▶ Activity
Write out the data word for word, taking care that no picture is carried over.

▶ Data segment
········
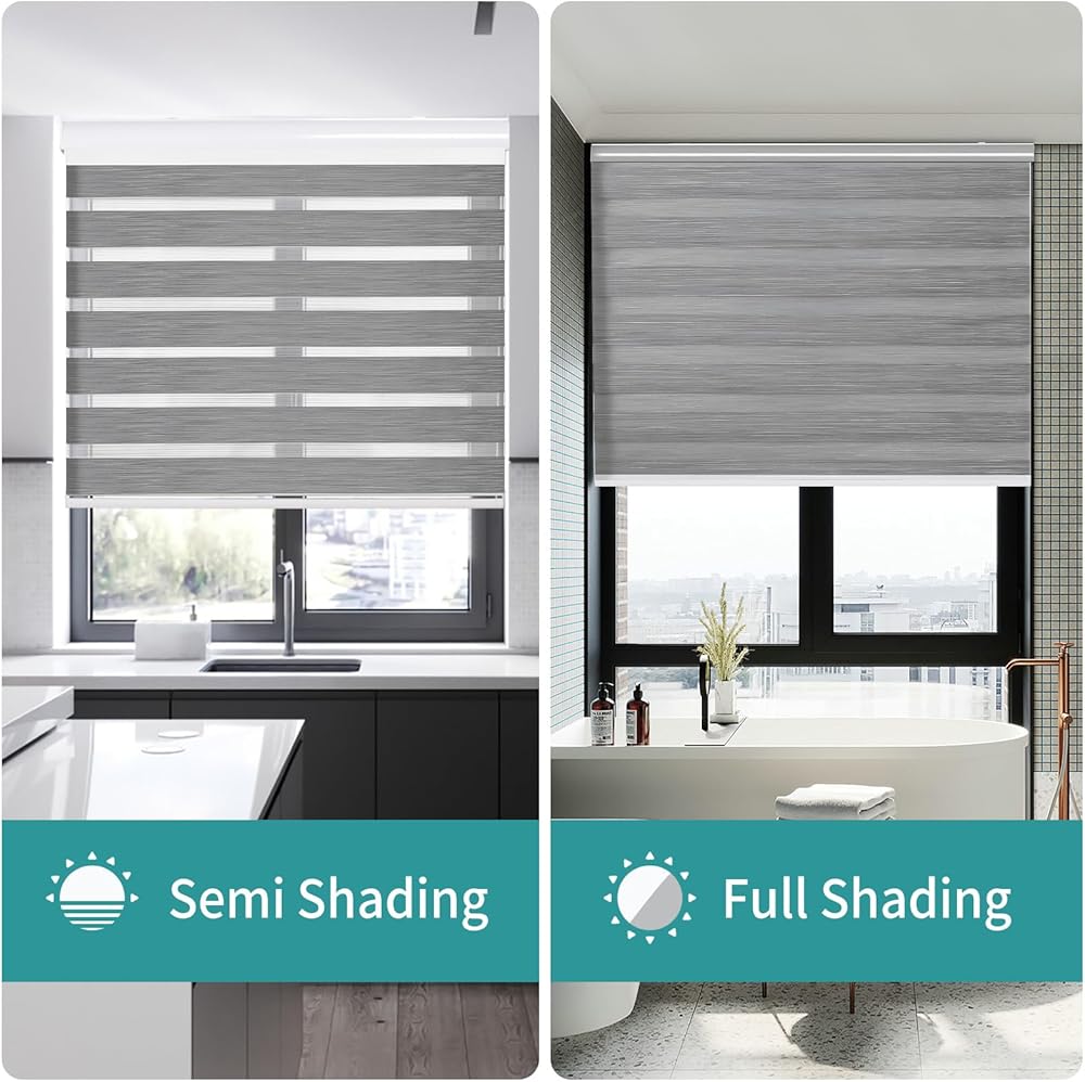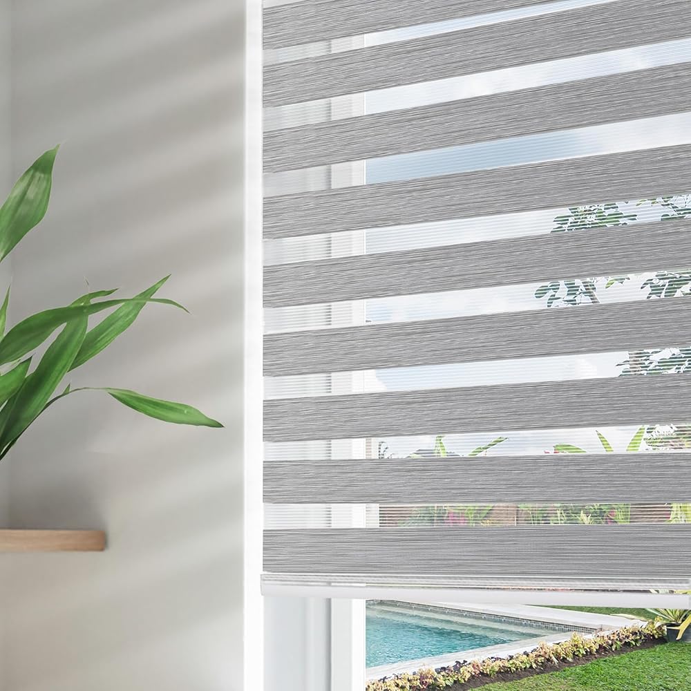 Joydeco ستائر حمار وحشي لاسلكية للنوافذ، ستائر حمار وحشي صغيرة شفافة باللون الرمادي مقاس 27 بوصة ث مرشح ضوء مزدوج الطبقة لنافذة باب زجاجية منزلقة
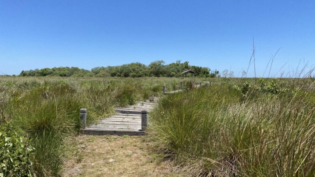 Nachdem wir uns häuslich eingerichtet hatten sind wir los um die Tierwelt zu erkunden. Direkt vom Campground gibt es einen Rundwanderweg, durch Wald, Wiese und auf Stegen über den Sumpf. Wieder erwarten gab es so gut wie keine Moskitos, denn es hatte seit Wochen nicht mehr geregnet und die Sümpfe waren relativ ausgetrocknet.
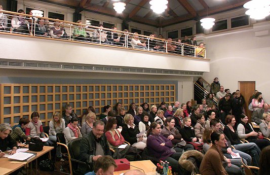 Spatzennest will 40 neue Betreuungsplätze schaffen Für ein volles Haus im Ratssaal sorgte heute das Kindergartenthema. (Foto: Hubert Richter)(hr) Große Zuhörerscharen sind die Eberbacher Stadträtinnen und Stadträte bei ihren öffentlichen Sitzungen eigentlich nicht gewohnt. Heute jedoch herrschte im Saal des Rathauses ein riesiger Andrang. Grund war ein Thema, das vor allem viele junge Eltern in der Stadt bewegt: ein Antrag des Vereins Spatzennest e.V. auf Aufnahme von 40 Betreuungsplätzen in den Kindergartenbedarfsplan der Stadt.
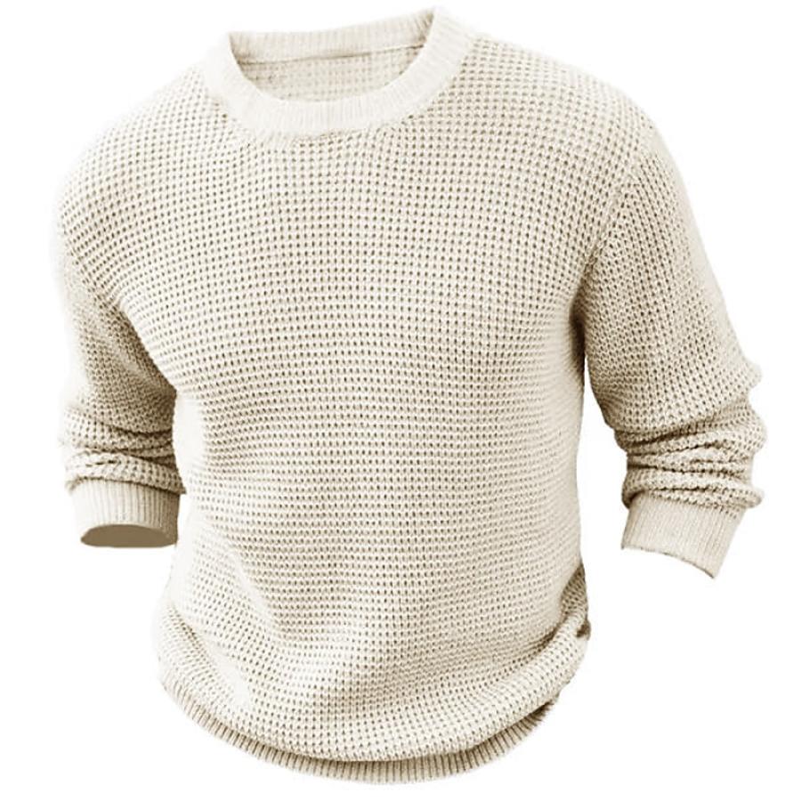 Men's Waffle Knit Round Neck Sweater Outdoor Pullover Jumper Ribbed Regular Work Daily Wear Clothing
········
▶ Answer box
 Joydeco ستائر حمار وحشي لاسلكية للنوافذ، ستائر حمار وحشي صغيرة شفافة باللون الرمادي مقاس 27 بوصة ث مرشح ضوء مزدوج الطبقة لنافذة باب زجاجية منزلقة
 Nachdem wir uns häuslich eingerichtet hatten sind wir los um die Tierwelt zu erkunden. Direkt vom Campground gibt es einen Rundwanderweg, durch Wald, Wiese und auf Stegen über den Sumpf. Wieder erwarten gab es so gut wie keine Moskitos, denn es hatte seit Wochen nicht mehr geregnet und die Sümpfe waren relativ ausgetrocknet.
 Spatzennest will 40 neue Betreuungsplätze schaffen Für ein volles Haus im Ratssaal sorgte heute das Kindergartenthema. (Foto: Hubert Richter)(hr) Große Zuhörerscharen sind die Eberbacher Stadträtinnen und Stadträte bei ihren öffentlichen Sitzungen eigentlich nicht gewohnt. Heute jedoch herrschte im Saal des Rathauses ein riesiger Andrang. Grund war ein Thema, das vor allem viele junge Eltern in der Stadt bewegt: ein Antrag des Vereins Spatzennest e.V. auf Aufnahme von 40 Betreuungsplätzen in den Kindergartenbedarfsplan der Stadt.
 Men's Waffle Knit Round Neck Sweater Outdoor Pullover Jumper Ribbed Regular Work Daily Wear Clothing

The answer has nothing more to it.